WORK REQUEST: Every entry below should appear in the answer exactly as written, apart from the pictures.

==============================

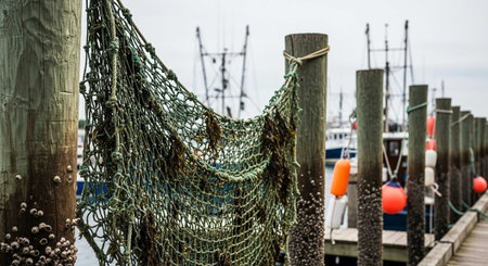 Green fishing nets draped over wooden posts at a harbor with boats and buoys in the background.
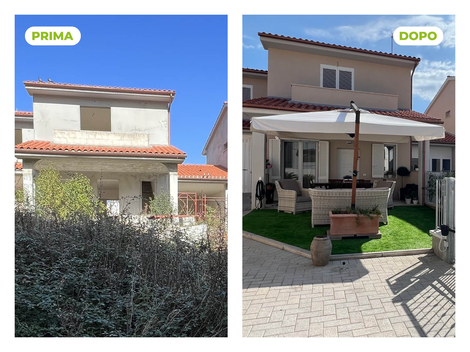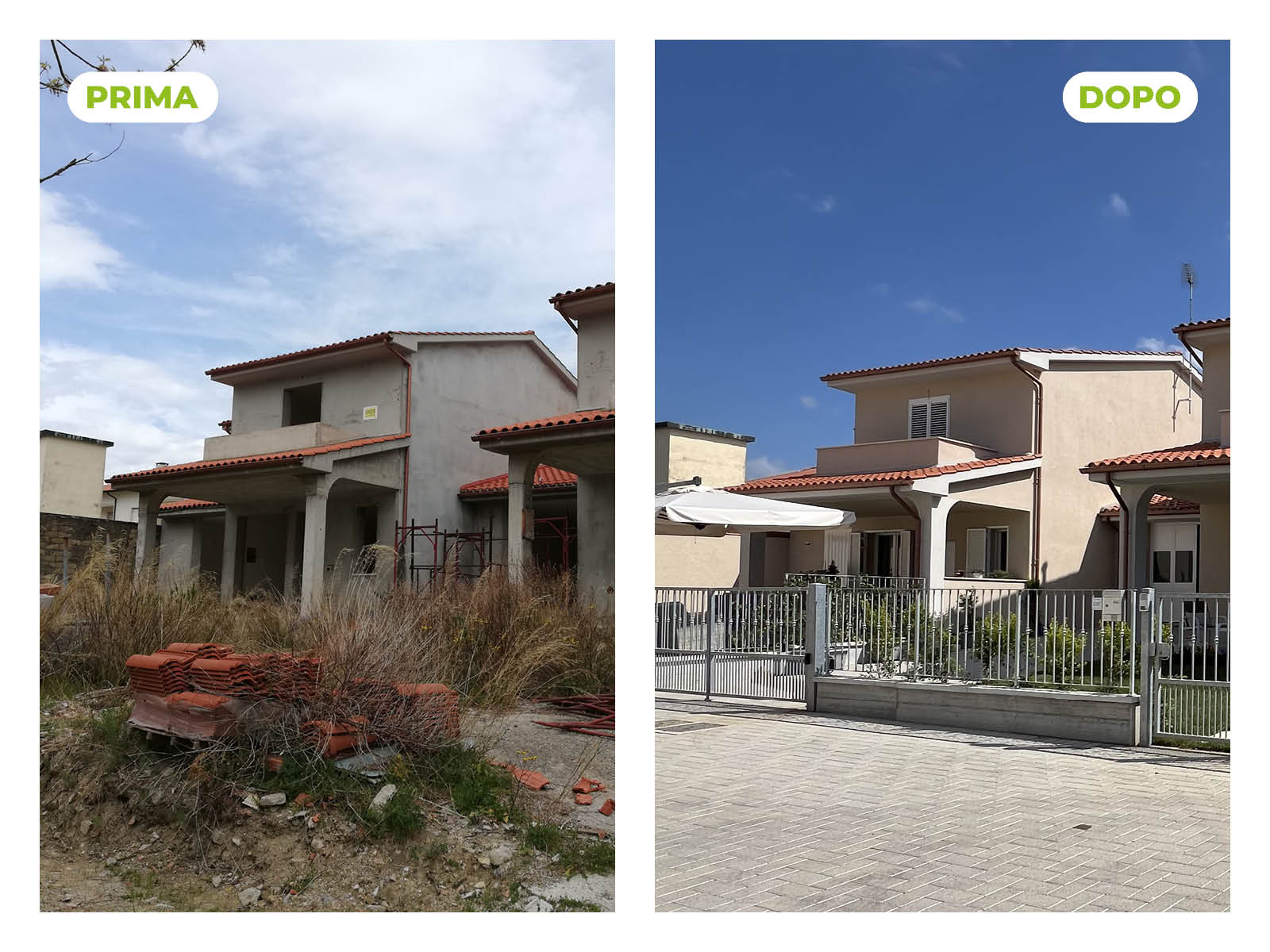 Il progetto ha previsto la conclusione compreso la personalizzazione di tutti i materiali di tre villette a schiera di nuova costruzione dotate di corte in proprietà esclusiva, ingresso indipendente e garage privato. Ogni appartamento avrà un proprio impianto solare termico e un impianto fotovoltaico.
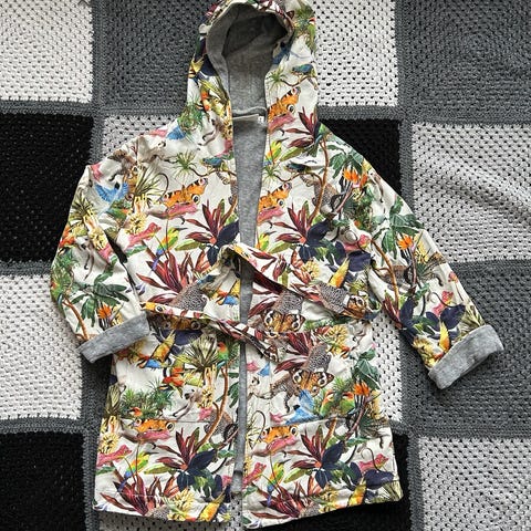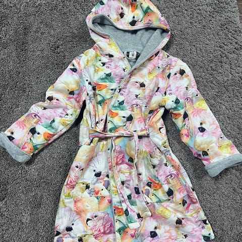 Myydään Molo merkkinen koira-aiheinen kylpytakki kokoa 110/116 cm. Tämä on ollut todella vähällä käytöllä joten en löydä moitteita. Pesty nyt ensimmäisen kerran ennen myyntiä. Kaksi taskua edessä ja huppu. Nouto tai postitus, kulut ostajalle!
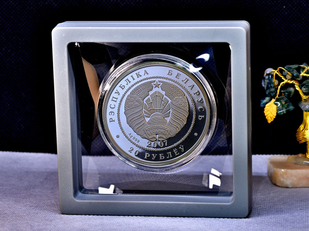 в центре в круге, обрамленном геометрическим орнаментом, – рельефное изображение Государственного герба Республики Беларусь, под ним указан год чеканки, проба сплава; по кругу надписи: вверху – РЭСПУБЛIКА БЕЛАРУСЬ, внизу – ПЯЦЬДЗЕСЯТ РУБЛЁЎ (на золотой) и 20 РУБЛЁЎ (на серебряной).
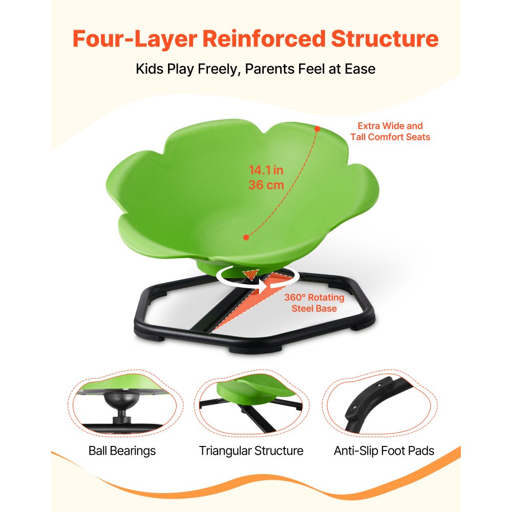 Krzesło obrotowe dla dzieci, sensoryczne krzesło obrotowe, cylindryczne, udźwig 100 kg, zabawka sensoryczna z antypoślizgową metalową podstawą, wspomaga koordynację, równowagę i koncentrację, kolor zielony - Artykuły biurowe | Galaxy Sklep

==============================

EXERCISE RESPONSE:
 Green fishing nets draped over wooden posts at a harbor with boats and buoys in the background.
 Il progetto ha previsto la conclusione compreso la personalizzazione di tutti i materiali di tre villette a schiera di nuova costruzione dotate di corte in proprietà esclusiva, ingresso indipendente e garage privato. Ogni appartamento avrà un proprio impianto solare termico e un impianto fotovoltaico.
 Myydään Molo merkkinen koira-aiheinen kylpytakki kokoa 110/116 cm. Tämä on ollut todella vähällä käytöllä joten en löydä moitteita. Pesty nyt ensimmäisen kerran ennen myyntiä. Kaksi taskua edessä ja huppu. Nouto tai postitus, kulut ostajalle!
 в центре в круге, обрамленном геометрическим орнаментом, – рельефное изображение Государственного герба Республики Беларусь, под ним указан год чеканки, проба сплава; по кругу надписи: вверху – РЭСПУБЛIКА БЕЛАРУСЬ, внизу – ПЯЦЬДЗЕСЯТ РУБЛЁЎ (на золотой) и 20 РУБЛЁЎ (на серебряной).
 Krzesło obrotowe dla dzieci, sensoryczne krzesło obrotowe, cylindryczne, udźwig 100 kg, zabawka sensoryczna z antypoślizgową metalową podstawą, wspomaga koordynację, równowagę i koncentrację, kolor zielony - Artykuły biurowe | Galaxy Sklep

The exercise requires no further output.